Autopia was one of the original attractions when Walt Disney opened the doors to The Happiest Place on Earth on July 17, 1955, and it is still popular today. It’s even a featured attraction at Disneylands in Tokyo, Paris and Hong Kong. There is a fundamental and very strong desire among people around the world to drive a car, and that desire starts at a very young age.

Now, after a five-month shutdown for refurbishment, the original Autopia at the original Disneyland is open once again, and we were among the first to experience it.

Ride sponsor Honda is financing the remodel. The process includes repainting all 96 Autopia cars in several different Honda colors, from Kona coffee metallic to white diamond pearl. There are also Honda badges front and rear on all the cars. New tires are part of the deal, too, as well as new engines. Gone are the old 286cc Kawasaki mills, replaced with Honda’s own iGX series of engines (remember, Honda makes everything from business jets to weed wackers, so a small engine is just another product in a big portfolio of mechanical wonders). The 270cc iGX270 makes 8.5 hp at 3,600 rpm and 14.1 lb-ft of torque at 2,500 revs. The new powerplants are no rattly lawn mower polluters from the ‘50s, either: They include everything from variable-timing digital CDI ignition to CARB and EPA certification. Honda says the engine is “…one of the best in the business. More power. Quieter performance. Lower fuel consumption. Lower emissions. Better features. Exceptional performance. Honda’s GX series lives up to the legend, and then some.”

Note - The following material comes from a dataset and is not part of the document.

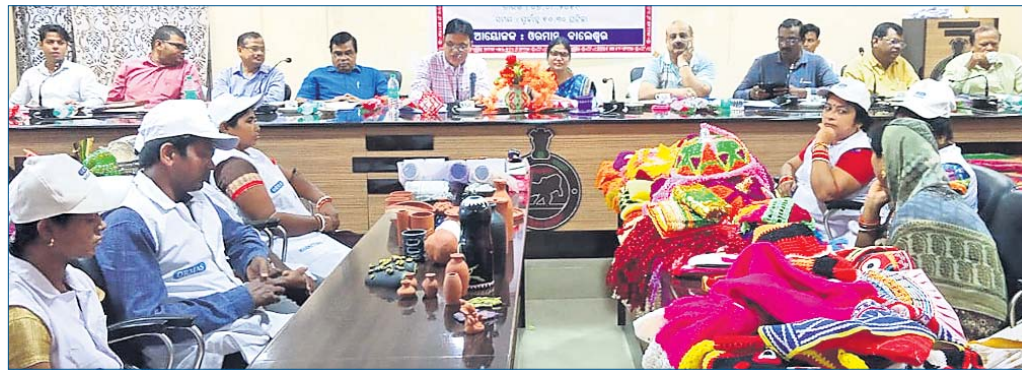
କର୍ମଶାଳାରେ ମଞ୍ଚାସୀନ ଅତିଥି ଓ ବିପଣନ ଗୋଷ୍ଠୀର ସଭ୍ୟସଭ୍ୟା ।

୪୯ ନଂ ରେ ବିରାଟ ବଡ଼ ଖାଲ ହୋଇଛି । ମାଟି ପକାଇ ପୂରଣ କରାଯାଇଥିଲେ ହେଁ ବର୍ଷ ପରେ ବହୁ ସଂଖ୍ୟାରେ ଗାଡ଼ି ଚଳାଚଳ କରୁଥିବାରୁ ପୁଣି ଖାଲ ହୋଇଯାଇଛି । ଏଣୁ ଶୁଖିଲା ସମୟରେ ଘାୟା ମରାମତି କରାଯାଉ ନ ଥିବାରୁ ଘାୟା ଲୋକ ଅସନ୍ତୋଷ ବ୍ୟକ୍ତ କରୁଛନ୍ତି । ସେହିପରି ପ୍ରତିକାର କରାଯାଉନାହିଁ । ବର୍ଷା ଯୋଗୁଁ ରାସ୍ତାରେ ପାଣି ଭର୍ତ୍ତି ହୋଇଥିବାରୁ ଖାଲଖମା ଓ ସାମଗ୍ରୀ ନାପକିନ ବ୍ୟବସାୟୀଙ୍କ ସଂଯୋଗାକରଣ ବ୍ୟବସ୍ଥାକୁ ଆନୁଷ୍ଠାନିକ ଭାବେ ମଧ୍ୟ ଉଦ୍‌ଘାଟନ କରାଯାଇଥିଲା ।

The fiberglass cars themselves haven’t changed since 2000, when then-sponsor Chevron introduced the current three models: Suzy the cute VW Beetle convertible, Sparky the sports car and Dusty the off-roader (we were always partial to the faux Corvettes from the Atlantic Richfield sponsorship days). The cockpits of these racy vehicles have to accommodate just about every size modern human, which is to say they have to be very big. The ginormous bench seat could probably hold a horse, and the seat belt, with its plastic buckle, serves more as a reminder to remain seated at all times than to keep a body in place during a crash, of which there were many per lap. While the original cars from 1955 had no crash absorptive qualities, those cars were soon splintered to smithereens. The impact-protective fronts and rears on the current cars could hit a brick wall and be none the worse for wear.

Autopia engine

Not that you’d hit very hard. Maximum speed is governed at 6.5 mph, no matter how hard you stomp on the single, center-mounted (and parent-reachable) gas pedal. We know, because we just drove one. Step on the gas, the centrifugal clutch engages and off you go, more or less. Steering is, as it always has been, among the worst in automotive history. It seems not only purposely vague — as if to challenge the driver’s concentration — but diabolical, as if the amount of free play on center had been determined by the personal injury attorneys association of greater Anaheim. There is a guide rail down the middle of the track, so you can’t steer off into the weeds, but neither can you steer straight. It’s part of the ride’s charm.

The scenic portion of the attraction is still under development. Honda promises greater amusement here in the form of various pro-Honda billboards and other decor. In fact, the whole ride is still under development, so keep coming back every couple months (at $105 admission!) to see what comes next.

You could be forgiven if you’d expected more from a Honda refurbishment. Should there be a more sophisticated powertrain on these cars? Say, electric drive? Yes. The Autopia in Disneyland Hong Kong gets electric drive. Considering that there is already that metal center rail, how hard could it be to construct some sort of slot car-like inductive charging for an electric motor? That’d certainly be cleaner, emissions-wise, and quieter. Of course, all it would take would be one inebriated guest from Palooka, Texas, to step out of the ride and fry him or herself on the third rail and that would be the end of Autopia (the People Mover, the Sky Buckets and even Tinker Bell, you may have noticed, all fell victim to various government safety regulations).

But this is more about getting kids behind the wheel, a tradition that has carried on for 60 years. And we’re certainly in favor of that. So cash in your bonus check, bring the kids down and take a couple laps. Tell them Soichiro sent you. They won’t have any idea what you’re talking about.